[Items listed in a dataset]
◇ ◇ ◇ ◇ ◇ ◇ ◇

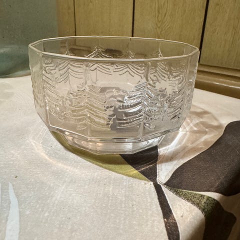 Iittala Kuusi lasi. Suunnittelija Jorma Vennola. Ollut tuotannossa 1980-luvulla.
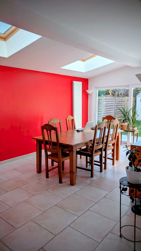 - Rez-de-chaussée : Cuisine équipée, salle à manger (18 m²), salon avec insert (27 m²), buanderie, WC.
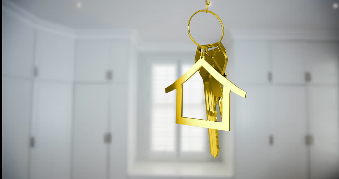 A gold house key fob and accompanying key are hanging prominently against a soft, blurred background of a house, suggesting movement or emphasis on the key. This can represent the concept of purchasing a new home, real estate opportunities, or investment potential. Ideal for marketing materials in the housing and real estate industry, informational brochures about home buying, or as a symbol of unlocking new property possibilities.
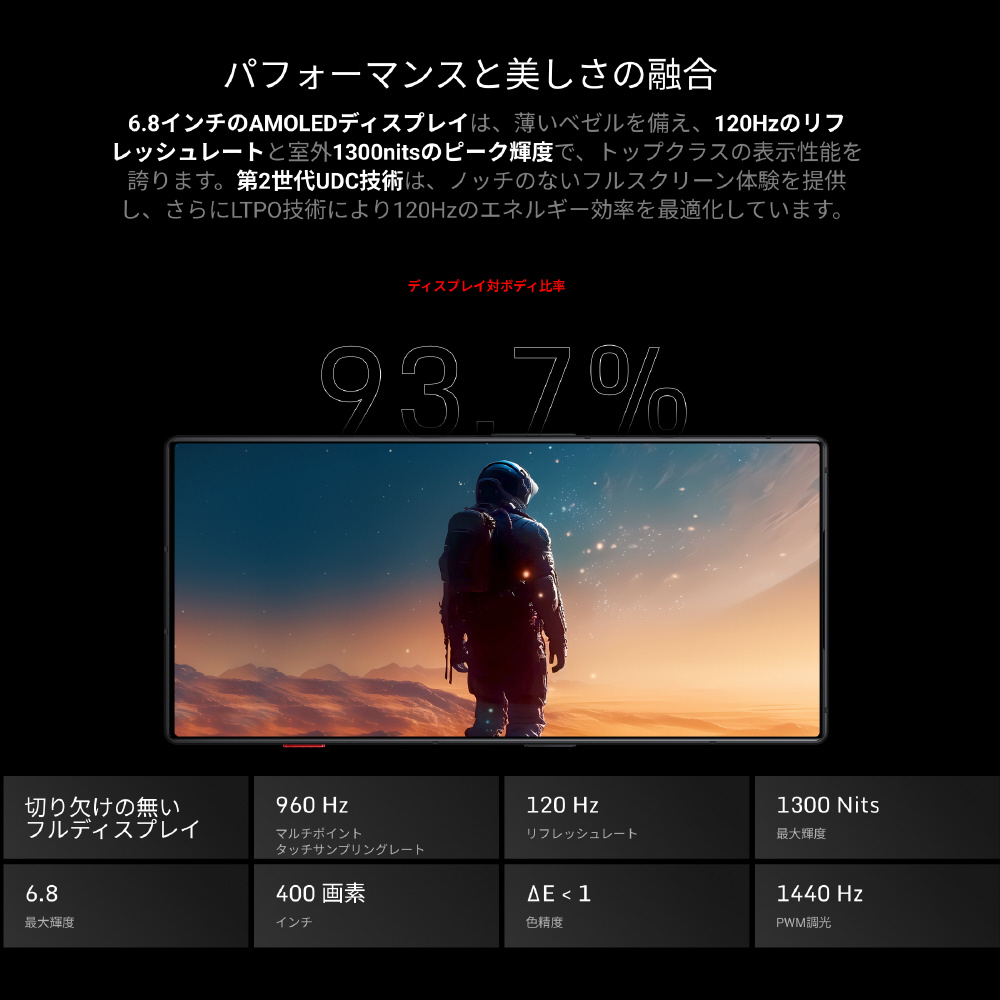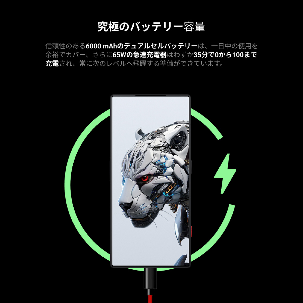完璧なゲーミング用スマートフォン、Snapdragon 8 Gen 2搭載。ICE 12.0冷却システムは高熱伝導ジェルで冷却、放熱速度を60%向上。6.8インチAMOLEDディスプレイ、120Hzリフレッシュレート、1300nitsピーク輝度。6000mAhデュアルセルバッテリー、65W急速充電。1216+1115Kスーパーリニアデュアルスピーカーでオーディオ体験の向上。トリプルカメラシステムは、お気に入りの瞬間をタイムレスな芸術品に変える精度と鮮明さを提供。REDMAGIC OS 8.0は、デバイスを細部までカスタマイズできる。
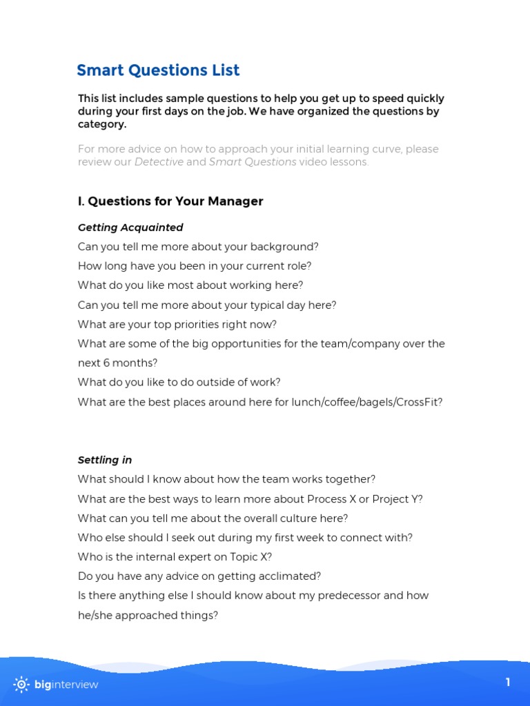 Intelligent Questions To Ask
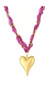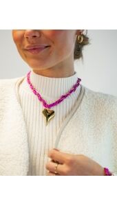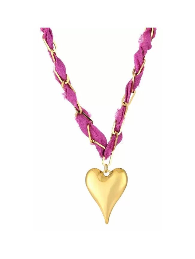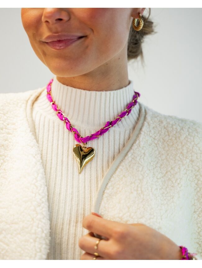 Make a statement met deze gevlochten ketting met fuchsia en groot hart bedel! Style op je favoriete knit of t-shirt en je look is helemaal compleet.
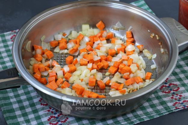 В сковороде разогреть растительное масло, выложить лук с морковью и обжарить до мягкости.
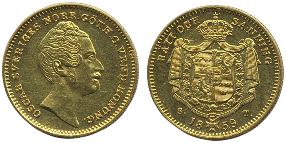 Coins, Sweden. Oskar I, SM 23, 1 dukat 1859. 3.47 g gold. 1+.
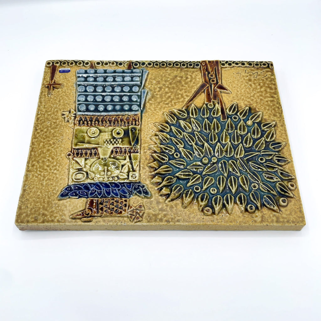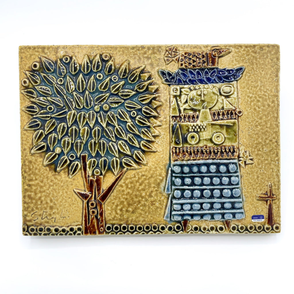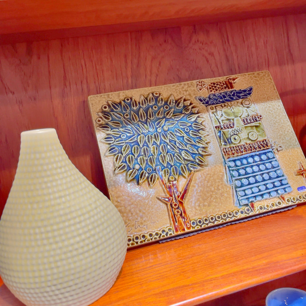 こちらは、スウェーデンを代表するデザイナー、スティグ・リンドベリによる貴重な陶板作品です。グスタフスベリ社で勤続25年を迎えた社員への記念品として贈られた非売品で、一般には流通していない希少な一枚です。

◇ ◇ ◇ ◇ ◇ ◇ ◇

Omit the pictures, then set down all the remaining data exactly as given.

> **Solution to this task**
 Iittala Kuusi lasi. Suunnittelija Jorma Vennola. Ollut tuotannossa 1980-luvulla.
 - Rez-de-chaussée : Cuisine équipée, salle à manger (18 m²), salon avec insert (27 m²), buanderie, WC.
 A gold house key fob and accompanying key are hanging prominently against a soft, blurred background of a house, suggesting movement or emphasis on the key. This can represent the concept of purchasing a new home, real estate opportunities, or investment potential. Ideal for marketing materials in the housing and real estate industry, informational brochures about home buying, or as a symbol of unlocking new property possibilities.
完璧なゲーミング用スマートフォン、Snapdragon 8 Gen 2搭載。ICE 12.0冷却システムは高熱伝導ジェルで冷却、放熱速度を60%向上。6.8インチAMOLEDディスプレイ、120Hzリフレッシュレート、1300nitsピーク輝度。6000mAhデュアルセルバッテリー、65W急速充電。1216+1115Kスーパーリニアデュアルスピーカーでオーディオ体験の向上。トリプルカメラシステムは、お気に入りの瞬間をタイムレスな芸術品に変える精度と鮮明さを提供。REDMAGIC OS 8.0は、デバイスを細部までカスタマイズできる。
 Intelligent Questions To Ask
 Make a statement met deze gevlochten ketting met fuchsia en groot hart bedel! Style op je favoriete knit of t-shirt en je look is helemaal compleet.
 В сковороде разогреть растительное масло, выложить лук с морковью и обжарить до мягкости.
 Coins, Sweden. Oskar I, SM 23, 1 dukat 1859. 3.47 g gold. 1+.
 こちらは、スウェーデンを代表するデザイナー、スティグ・リンドベリによる貴重な陶板作品です。グスタフスベリ社で勤続25年を迎えた社員への記念品として贈られた非売品で、一般には流通していない希少な一枚です。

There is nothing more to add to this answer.